**EXERCISE GOAL**
Everything in the data below except the pictures must be repeated word for word.

**SOURCE MATERIAL**
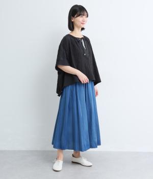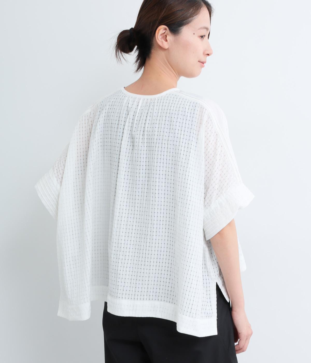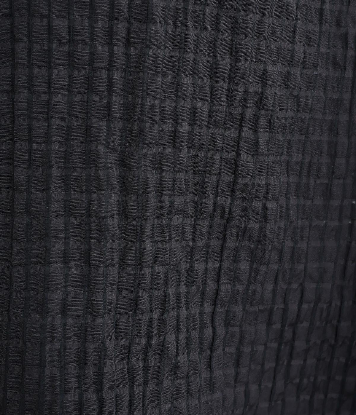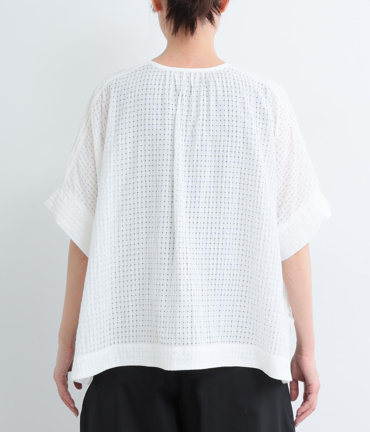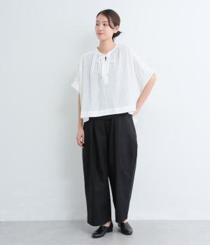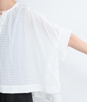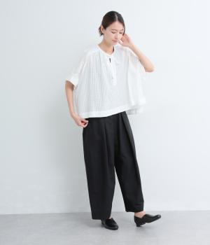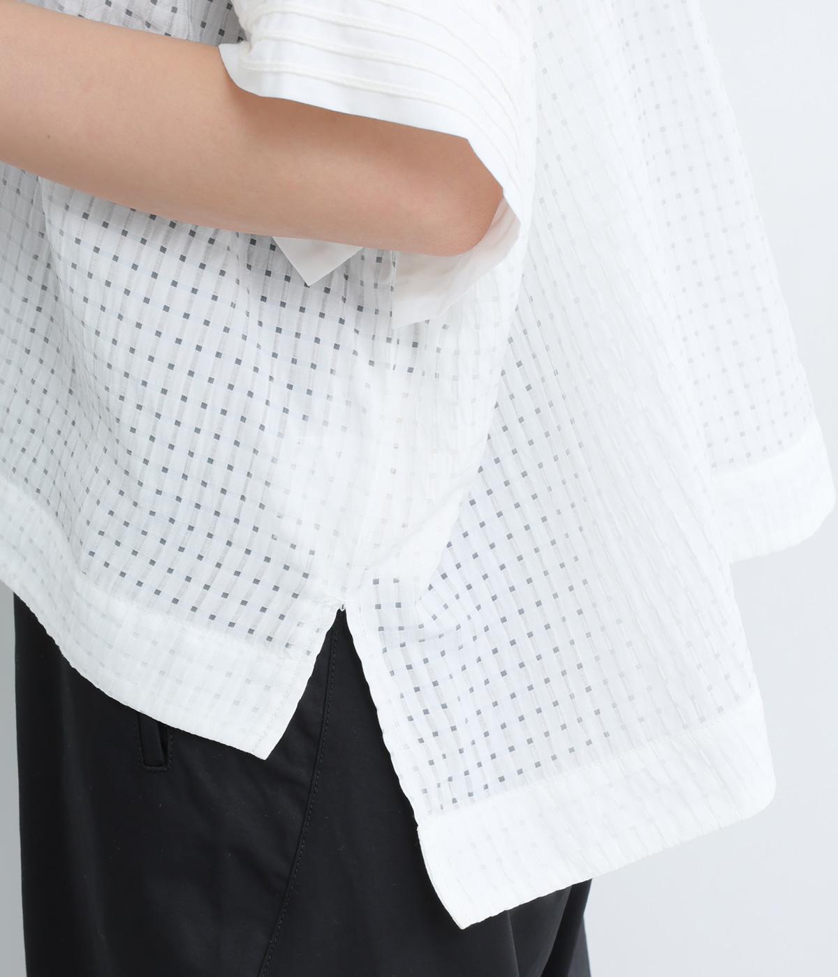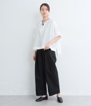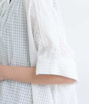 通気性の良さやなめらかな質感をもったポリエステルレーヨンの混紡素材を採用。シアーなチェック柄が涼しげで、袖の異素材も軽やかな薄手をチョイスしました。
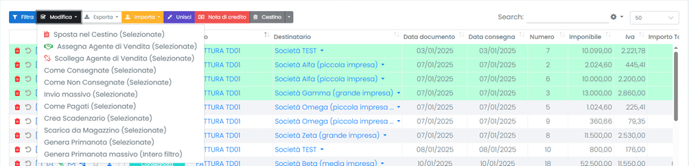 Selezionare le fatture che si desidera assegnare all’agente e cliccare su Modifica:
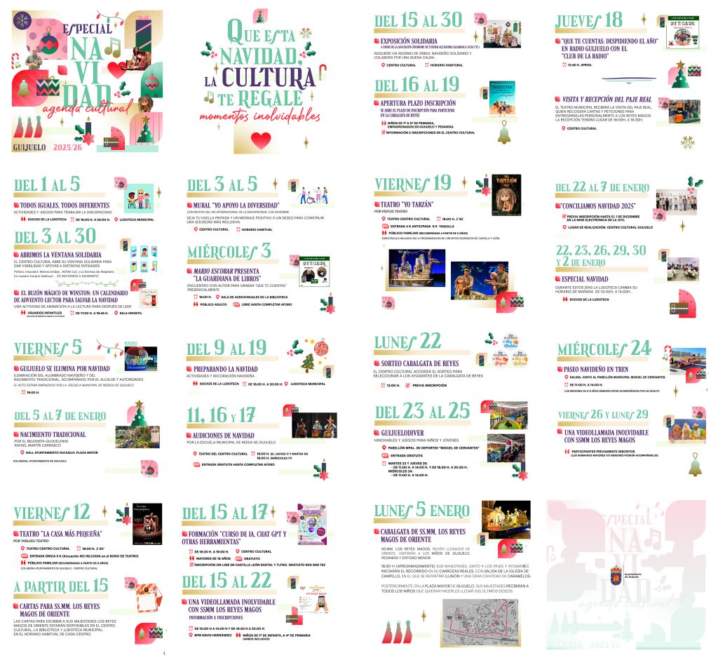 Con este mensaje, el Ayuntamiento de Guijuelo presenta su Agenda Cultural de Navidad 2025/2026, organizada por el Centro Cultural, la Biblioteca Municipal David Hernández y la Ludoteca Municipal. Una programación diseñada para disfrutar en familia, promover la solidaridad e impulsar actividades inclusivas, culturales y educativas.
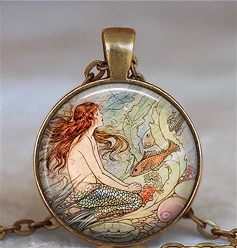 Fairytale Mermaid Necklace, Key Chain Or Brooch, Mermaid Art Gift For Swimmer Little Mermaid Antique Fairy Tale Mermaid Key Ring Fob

**SOLUTION**
 通気性の良さやなめらかな質感をもったポリエステルレーヨンの混紡素材を採用。シアーなチェック柄が涼しげで、袖の異素材も軽やかな薄手をチョイスしました。
 Selezionare le fatture che si desidera assegnare all’agente e cliccare su Modifica:
 Con este mensaje, el Ayuntamiento de Guijuelo presenta su Agenda Cultural de Navidad 2025/2026, organizada por el Centro Cultural, la Biblioteca Municipal David Hernández y la Ludoteca Municipal. Una programación diseñada para disfrutar en familia, promover la solidaridad e impulsar actividades inclusivas, culturales y educativas.
 Fairytale Mermaid Necklace, Key Chain Or Brooch, Mermaid Art Gift For Swimmer Little Mermaid Antique Fairy Tale Mermaid Key Ring Fob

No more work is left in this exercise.